**DATASET EXTRACT**
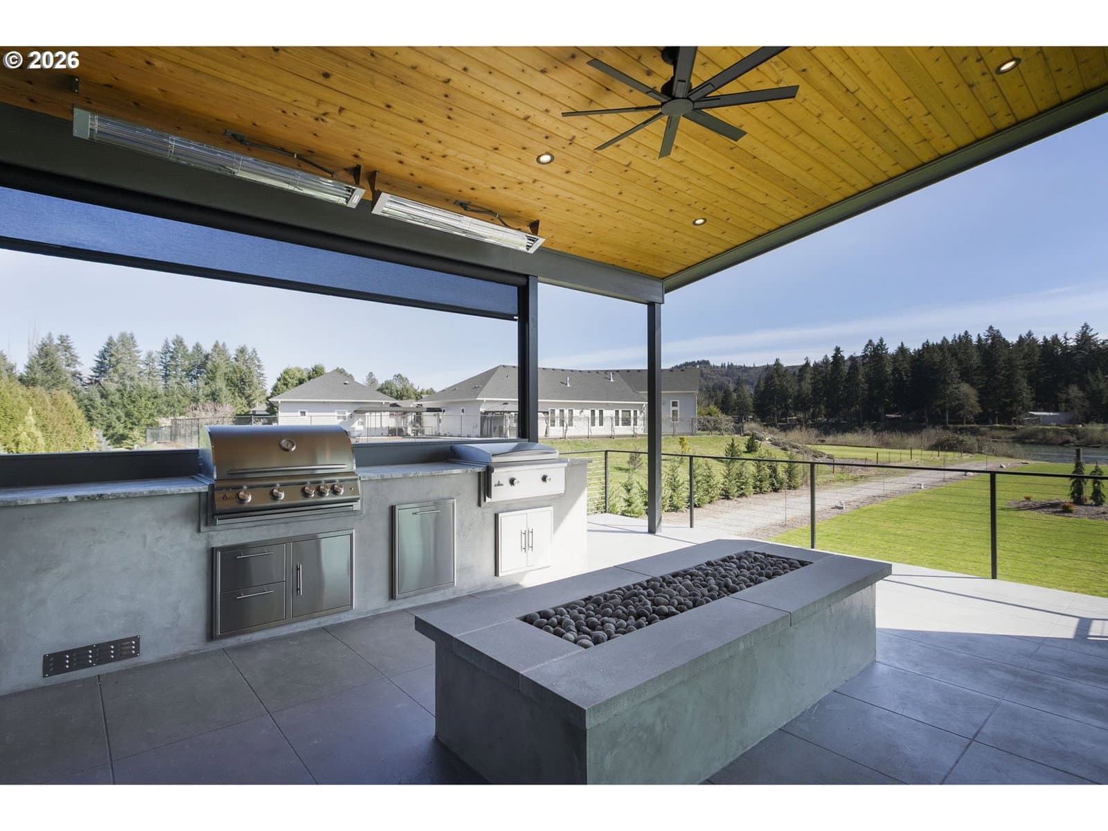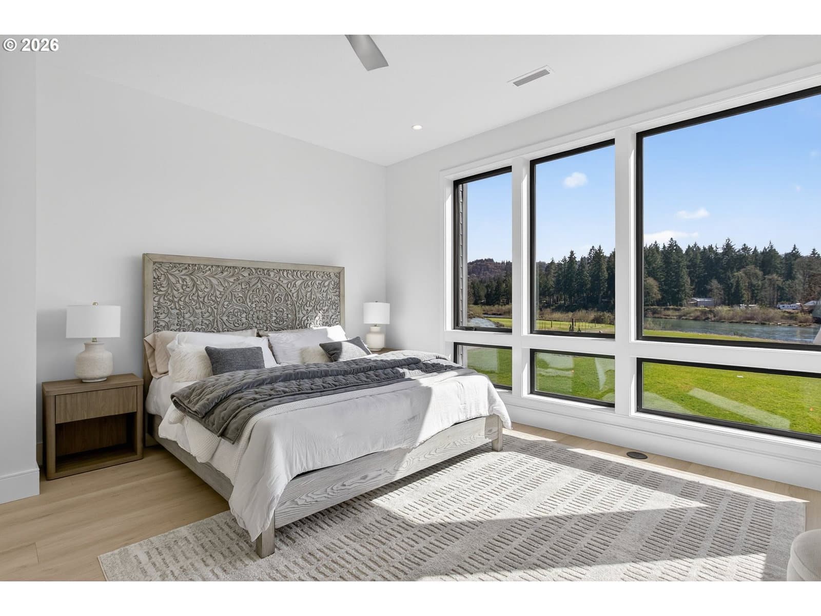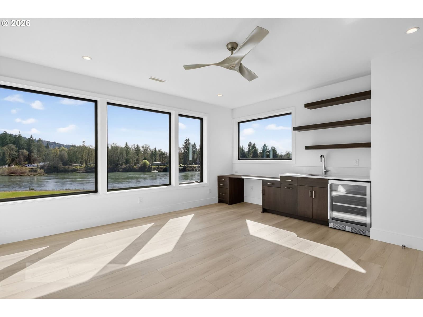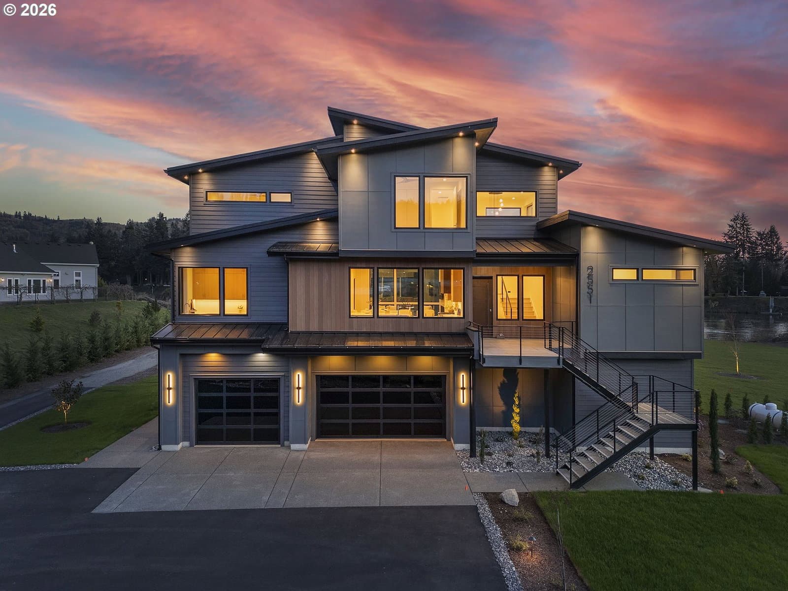3 Story Elevator and Private Boat Launch. Discover your private oasis with this stunning custom-built home on 2 acres, nestled along the serene banks of the river. Breathtaking views and an inviting landscape await you, making this property truly one-of-a-kind.Situated on over 300 ft of low bank riverfront which includes a private boat launch so you can enjoy easy access to water activities. This home features expansive windows that flood the living spaces with natural light, offering panoramic river views throughout. Showcase gourmet kitchen is equipped with all Thermador appliances including custom paneled built in refrigerator, freezer and wine cooler. Elegant dining area and living room with high ceilings and windows plus sliding doors creates an ideal space for entertaining and family gatherings with view backdrop. Enjoy privacy and comfort in the spacious primary suite, complete with an en-suite bathroom and custom walk-in closet with lighted cabinetry. Designed for ease of living, a three-level elevator makes transporting groceries and shopping items available to every floor. A patio overlooking the river features a built-in BBQ, firepit, and heaters, perfect for maximizing your outdoor living season. Ample parking space along with shop space and additional storage for outdoor equipment and recreational gear. This custom home offers the perfect blend of luxury, comfort, and practicality. Surrounded by beautiful landscapes, you can enjoy the feel of a private retreat while being just minutes from downtown Woodland, 12 minutes from fine dining and entertainment at Ilani Casino, and 15 minutes from Ridgefield Costco.
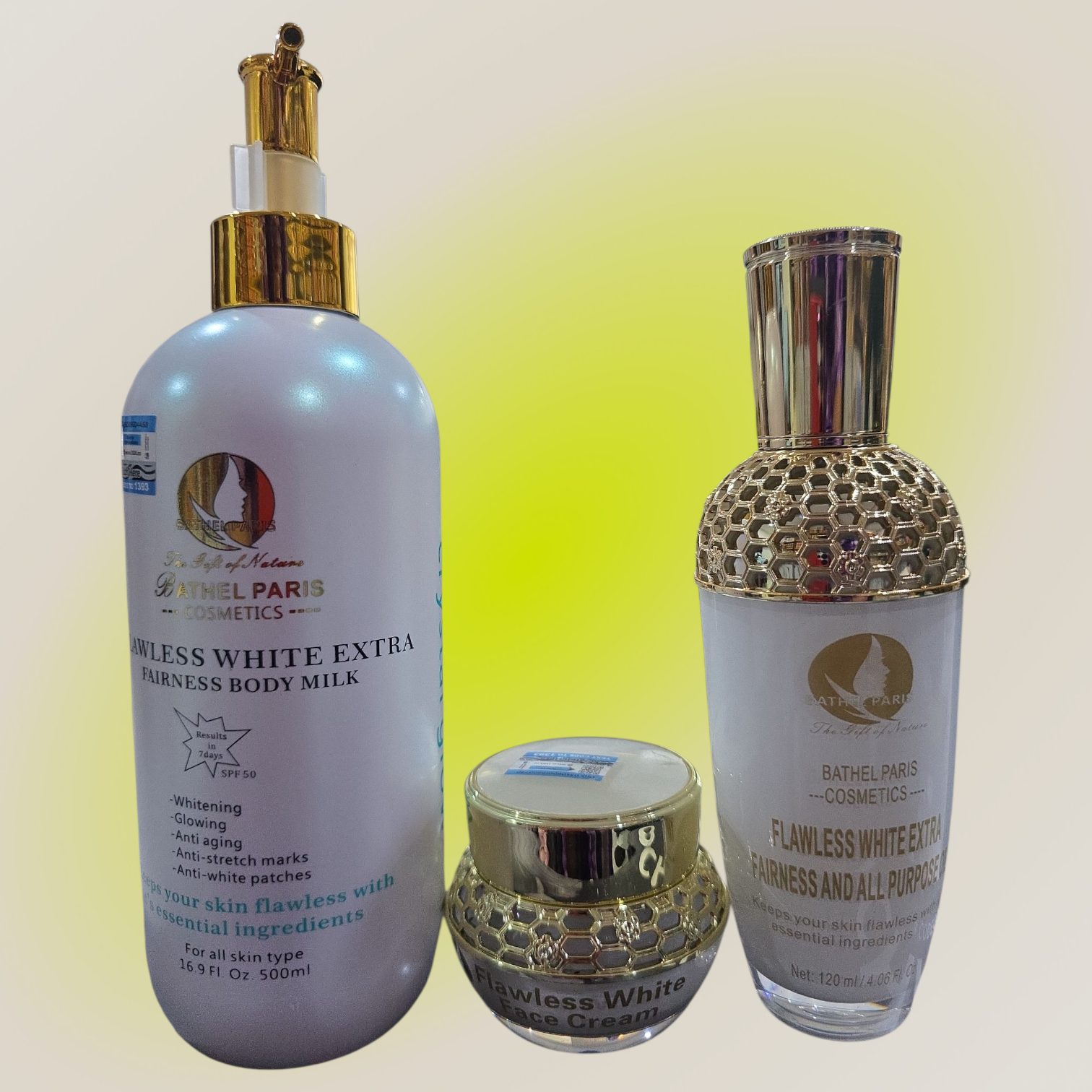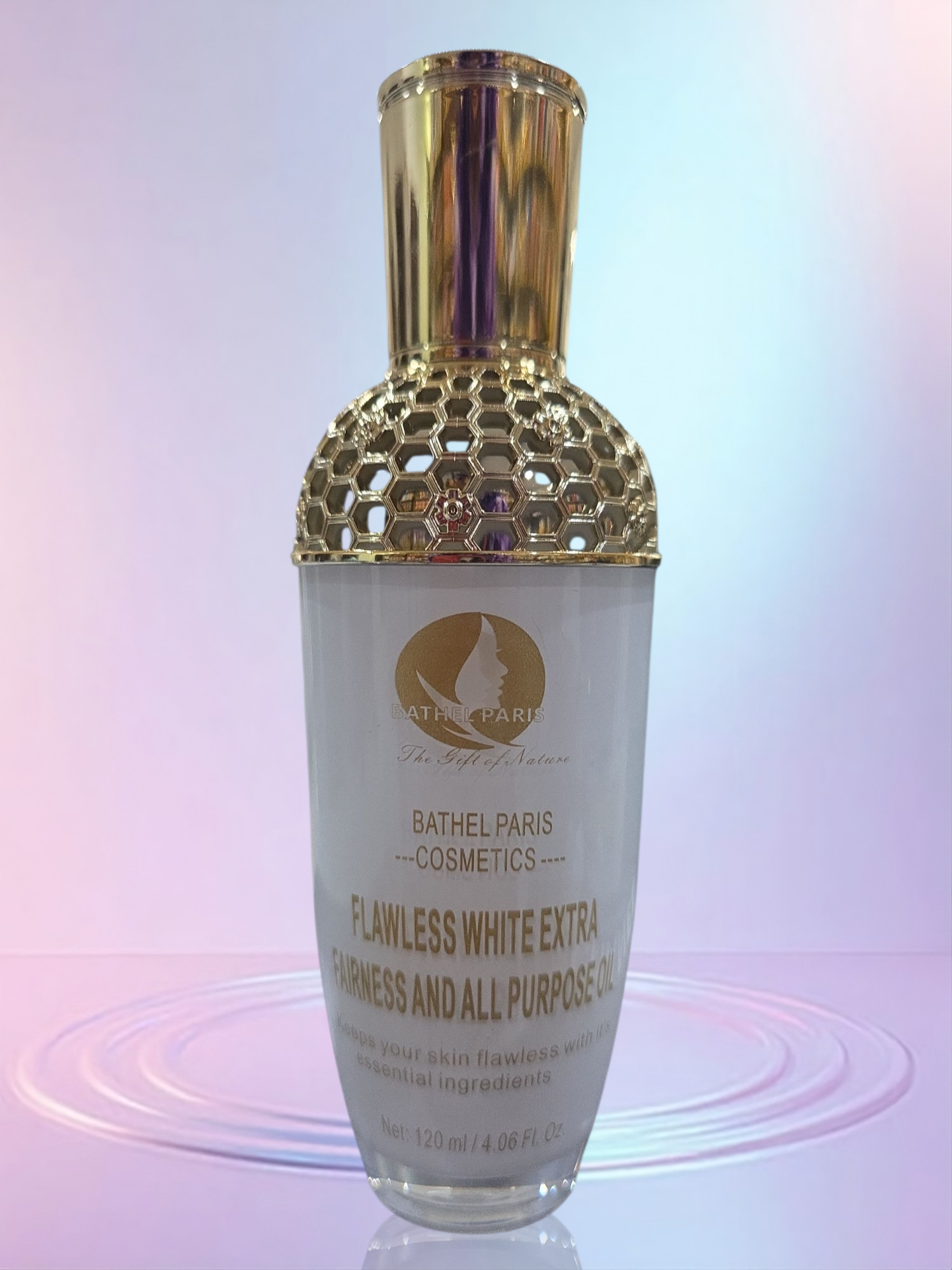 Flawless White Extra Fairness & All Purpose Oil is a multi-benefit brightening oil that hydrates, evens skin tone, and enhances radiance. Lightweight and fast-absorbing, it’s perfect for face, body, and targeted problem areas.
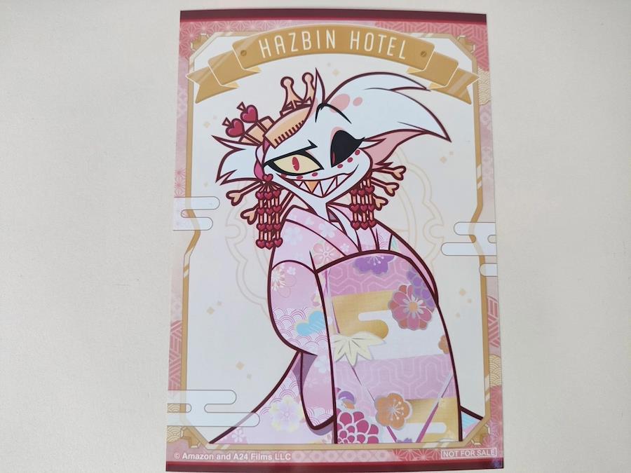 This limited-edition collaboration is not available internationally, making it a rare collector’s item for fans of Hazbin Hotel and VivziePop’s work.
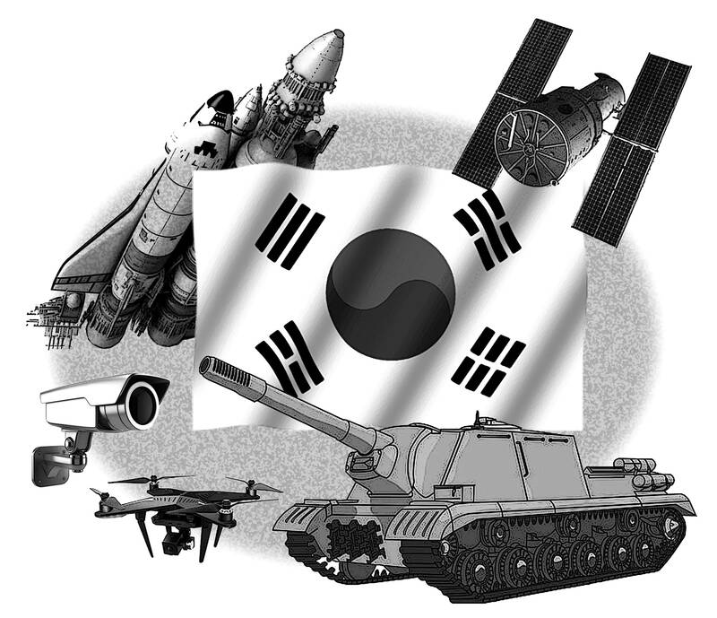 Russia’s invasion of Ukraine is adding momentum to global demand, with neighbors bolstering their defenses as a counter to Moscow’s aggressive stance. That is helping South Korean suppliers, including Hanwha Aerospace Co, which makes land-based artillery for a growing list of European customers. Escalating tensions closer to home — with North Korea and in the Taiwan Strait — as well as conflicts such as Israel’s war in Gaza, drove global military spending 9 percent higher last year to US$2.2 trillion.
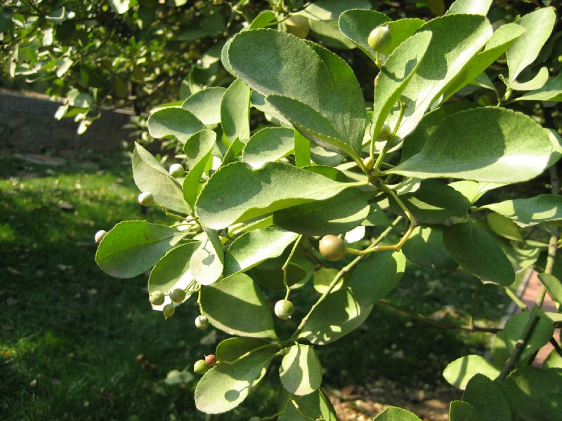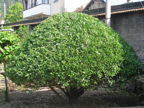 形態(tài)特征 常綠灌木或喬木。莖和小枝四棱形,有短柔毛。葉對(duì)生,革質(zhì),橢圓形或卵圓形,表面有柔毛,背面無(wú)毛?;ù厣谌~腋或枝條頂端,4月開(kāi)花,花淡黃綠色,沒(méi)有花瓣,有香氣。果球形,9——10月成熟。
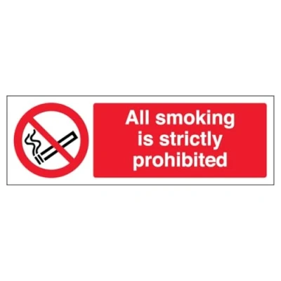 V Safety All Smoking Is Strictly Prohibited Landscape 300 x 100 mm 2mm Rigid Plastic Sign

**WHAT YOU NEED TO DO**
Exactly the lines from the one with "Russia’s invasion of" through the end of the records are to be repeated, both ends included, and pictures are to be omitted.

**SOLUTION FOR THIS TASK**
 Russia’s invasion of Ukraine is adding momentum to global demand, with neighbors bolstering their defenses as a counter to Moscow’s aggressive stance. That is helping South Korean suppliers, including Hanwha Aerospace Co, which makes land-based artillery for a growing list of European customers. Escalating tensions closer to home — with North Korea and in the Taiwan Strait — as well as conflicts such as Israel’s war in Gaza, drove global military spending 9 percent higher last year to US$2.2 trillion.
 形態(tài)特征 常綠灌木或喬木。莖和小枝四棱形,有短柔毛。葉對(duì)生,革質(zhì),橢圓形或卵圓形,表面有柔毛,背面無(wú)毛?;ù厣谌~腋或枝條頂端,4月開(kāi)花,花淡黃綠色,沒(méi)有花瓣,有香氣。果球形,9——10月成熟。
 V Safety All Smoking Is Strictly Prohibited Landscape 300 x 100 mm 2mm Rigid Plastic Sign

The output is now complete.